Smoothing the “Lumpiness” of Healthcare Access

Healthcare demand is anything but predictable. As William Bryant, Chief Financial Officer of UNC Health, explained, the industry faces “lumpiness” in the timing of patient needs. Flu season clogs emergency rooms, and end-of-year deductibles generate both rushes and delays that challenge the scheduling of surgeries and other consults. This uneven demand creates choke points and long waits for appointments that can be scarce.

To solve this, UNC Health is now using a simple AI tool. When a patient cancels an appointment, the system automatically texts others on the waiting list, offering them the newly opened slot. William shared how this tool personally moved his own dermatology appointment up by a month and a half.

This is an excellent example of an opportunistic, high-impact AI use case. It isn’t a futuristic bot or AI listening to your personal diagnosis, but a practical workflow solution that smooths a process. As the county and state populations continue to grow, reclaiming even a handful of specialist appointments each week has a powerful compounding effect on the community’s well-being.

Specialist Advice Without the Wait

The six-month wait to see a specialist is more than an inconvenience, it poses a serious risk to care. Dr. Barbara Griffith, President of Duke Raleigh Hospital, described a technical solution that helps address this delay: the “e-consult.”

E-consults allow a primary care physician to communicate directly with a specialist over a quick check-in, often while the patient is still in the primary care office. The specialist can offer immediate advice and insights that the primary care doctor can then incorporate into the treatment plan. This process shift allows specialists to empower primary care physicians, rather than being the obstacle to the next phase of treatment. For the patient, it fundamentally changes the journey from a passive waiting game to active improvements, while saving months of waiting and extra appointments.

“That really can make a difference in terms of the efficiency of getting the right care to the right people without relying on those traditional models,” said Barbara.

The Surprising Wisdom of Legislative Patience

The panel was ably moderated by Senator Gale Adcock, who is also a former nurse practitioner.

When asked about the legislature’s role in healthcare technology, Gale took a less-is-more approach, arguing that the legislature’s best course of action is to adhere to the medical mantra “do no harm” and “not act prematurely.” With only two healthcare professionals among 50 state senators, Adcock explained that passing laws without a deep understanding could “tie the hands of our hospitals and educators and clinicians.” She made the case instead for a more collaborative approach where lawmakers allow the industry to innovate and identify specific needs or potential loopholes before stepping in to craft thoughtful, effective regulation.

For her part, Adcock was most enthusiastic to hear “new ways of thinking about old ways of giving care.

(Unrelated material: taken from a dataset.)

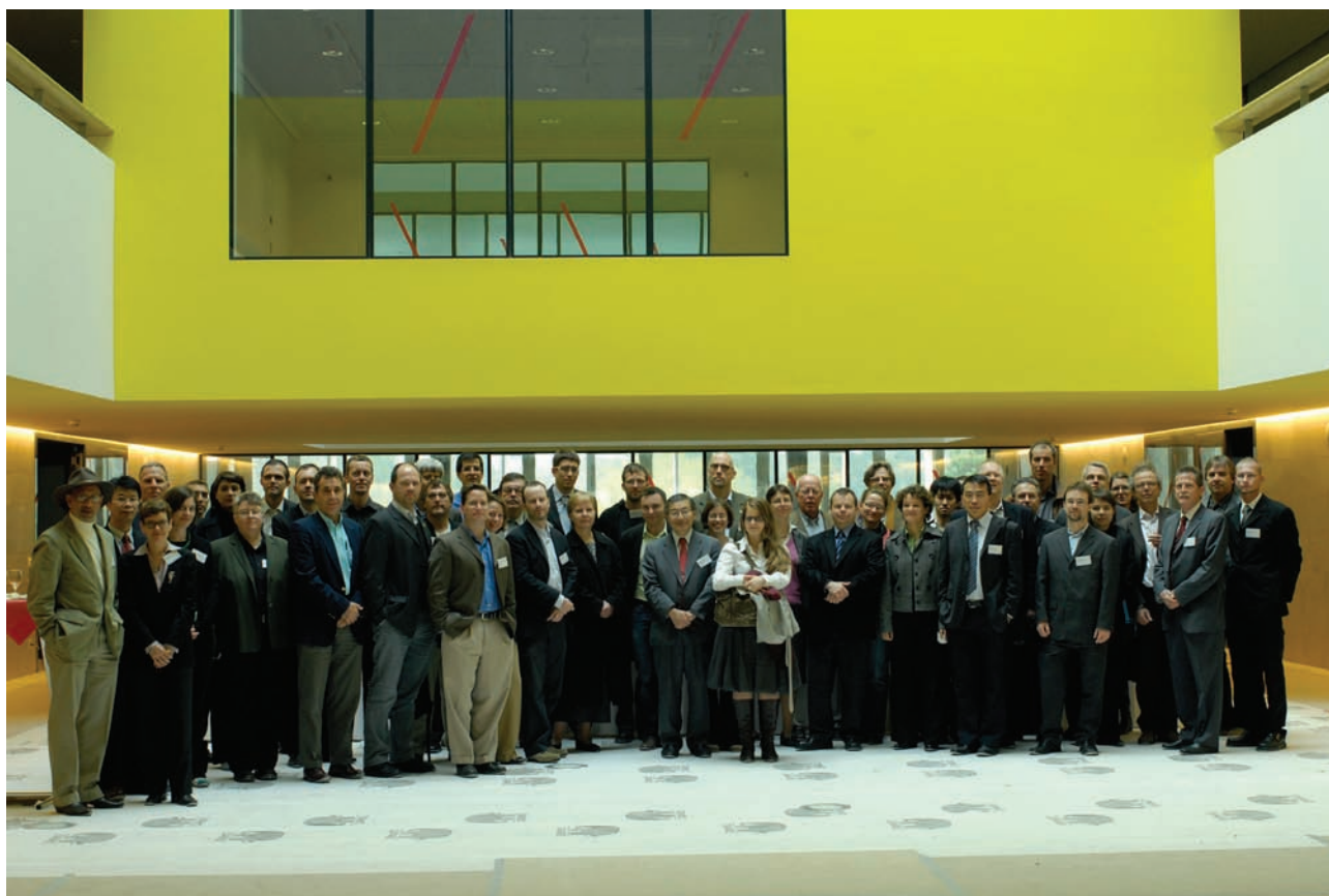
Participants of the Second Annual ISCN Conference , April 23–25, 2008

In particular, Adcock was a fan of keeping patients at home when possible.

“Not everybody needs to be in a hospital to actually do well, and often they do much better at home, in particular older people,” Gale said after the session. “That willingness to think outside the box, I think that was exciting to me as well.”

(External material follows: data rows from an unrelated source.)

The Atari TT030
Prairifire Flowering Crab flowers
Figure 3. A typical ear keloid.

The Hospital of the Future Isn’t a Building

The future of healthcare access in Wake County isn’t waiting for a new hospital wing to be built; it’s being coded, automated, and shared today. Barbara pointed to the use of Electronic Medical Records as an example. EMRs are by no means a new technology, but they continue to represent a foundational solution for improved continuity of care. These tools enhance the quality and safety of patient experiences while enabling quicker interactions as they transition between providers.

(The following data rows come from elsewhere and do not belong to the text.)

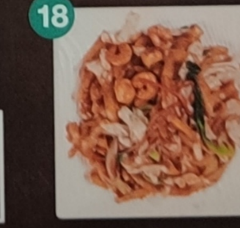
Seafood Friar 13 49

Broccoli / Cauliflower / Onions / Cabbage / Bok Choy / Carrots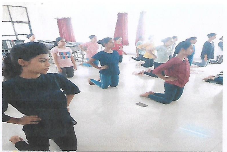
410206, MGM Campus, Kamothe, Panvel, Navi Mumbai, Maharashtra 410206, India Navi Mumbai Maharashtra India 31°C 88°F 2022-05-13(Fri) 09:50(am)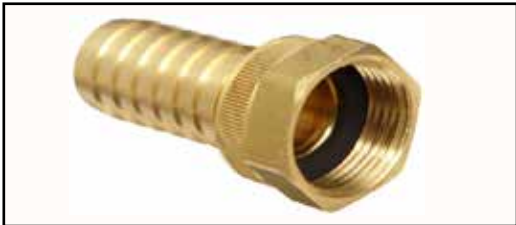
Model No.: RK - CPL - 205

And ultimately, it is these tools that will “save” Wake County from the continued pressures of exponential growth. The discussions at the Wake GPS Summit revealed that the most impactful advancements are not futuristic hypotheticals, but practical — and often simple — tools that follow the patient. Models of healthcare may change, but as long as we continue to facilitate information sharing across systems and providers, the patients will continue to benefit.